Hi, I try to train the EDM model with a simpler 35.7M #params UNet (proposed by original DDPM paper) and compare the result with DDPM/DDIM. I notice that $S_{churn} = 0$ leads to deterministic sampling, and $\gammai = \sqrt{2}-1$ leads to "max" stochastic sampling. So I introduce a parameter $\eta = \frac{S{churn} / N}{\sqrt{2}-1}$ to control stochasticity by interpolations. That is to say, $\gamma_i = (\sqrt{2}-1) * \eta$. Like in DDIM, $\eta = 0$ means deterministic, $\eta = 1$ means "max" stochastic.

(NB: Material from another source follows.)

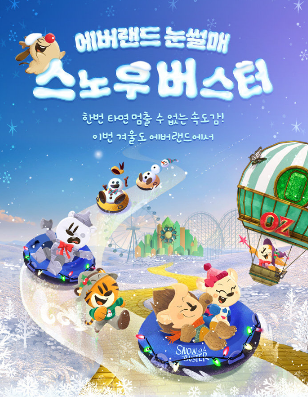 단순한 눈썰매장을 넘어 겨울 축제 분위기를 즐기고 싶다면 에버랜드 스노우버스터가 적합합니다. 대형 눈썰매와 포토존, 퍼레이드까지 함께 즐길 수 있습니다.

I set different $\eta$ s and different steps to observe FIDs:

$\eta$/steps steps=18 steps=50 steps=100
$\eta=0.0$ 3.39 3.64 3.68
$\eta=0.5$ 3.10 2.95 2.93
$\eta=1.0$ 3.12 2.84 2.97

The FID is supposed to decrease when using more sampling steps, right? But why the FID gets worse for deterministic sampling? However it performs normally when $\eta=0.5$, and it increases again from 50 steps to 100 steps @ $\eta=1.0$. Why the behavior is so unstable and unpredictable?

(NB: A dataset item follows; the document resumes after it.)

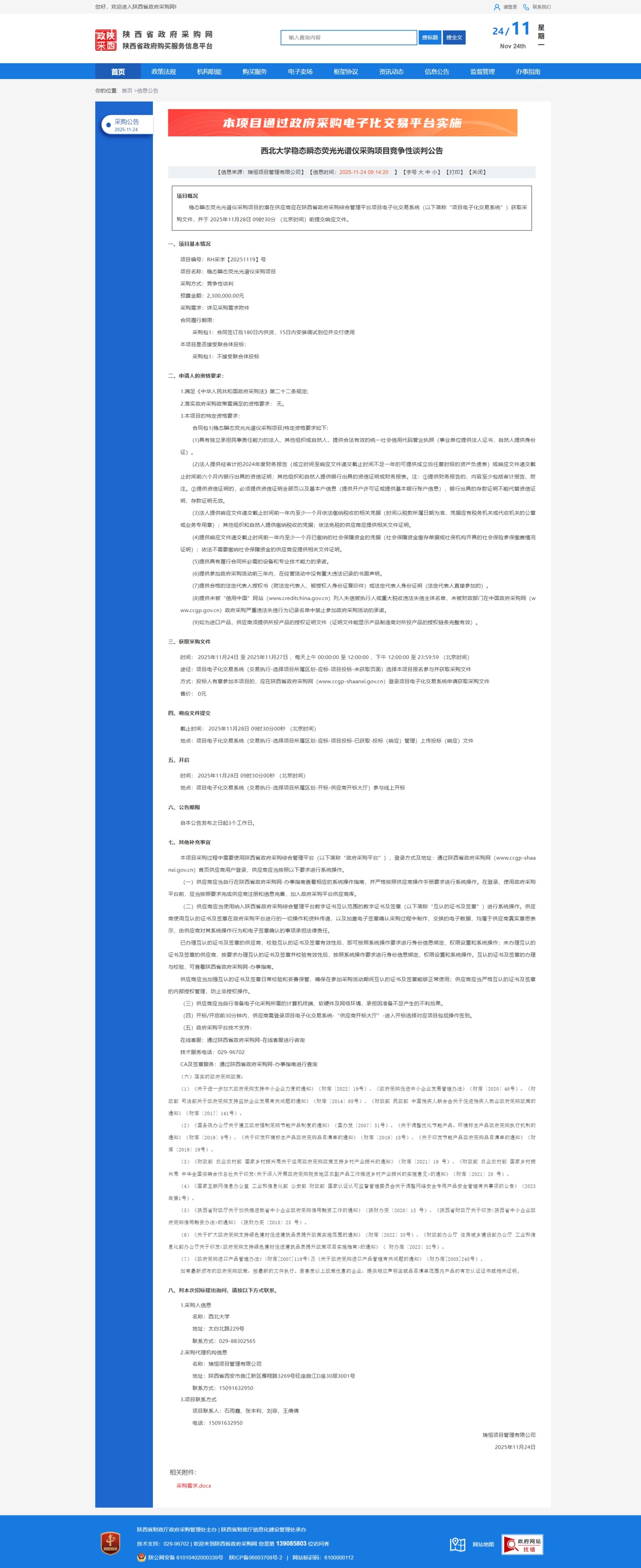 伟德国际1946源于英国稳态瞬态荧光光谱仪采购项目竞争性谈判公告 作者: 编辑:国有资产管理处 时间:2025-11-24 原公告链接:https://www.ccgp-shaanxi.gov.cn/freecms/site/shaanxi/ggxx/info/2025/8a69c5539a636e42019ab358867551cb.html?noticeType=001013¬iceId=24a6bfdb-c8d5-11f0-8063-08c0eb20c666

To confirm it's not a bug, I train a model with your official codebase under the simpler setting close to DDPM (duration=100, augment=None, xflip=True; channel_mult=[1,2,2,2], num_blocks=2). The results are:

$\eta$/steps steps=18 steps=50
$\eta=0.0$ 2.94 3.09
$\eta=0.5$ 2.80 2.75
$\eta=1.0$ 2.95 2.78

For deterministic sampling, the FID is still getting worse when using more steps. When $\eta > 0$, the FID slightly gets better when steps increase. If the hyper-parameter settings and the corresponding performance are not consistently predictable, then how to obtain a good model under different datasets? Only by brute force & grid search?

Could you please provide some explanation and thoughts? Thanks a lot!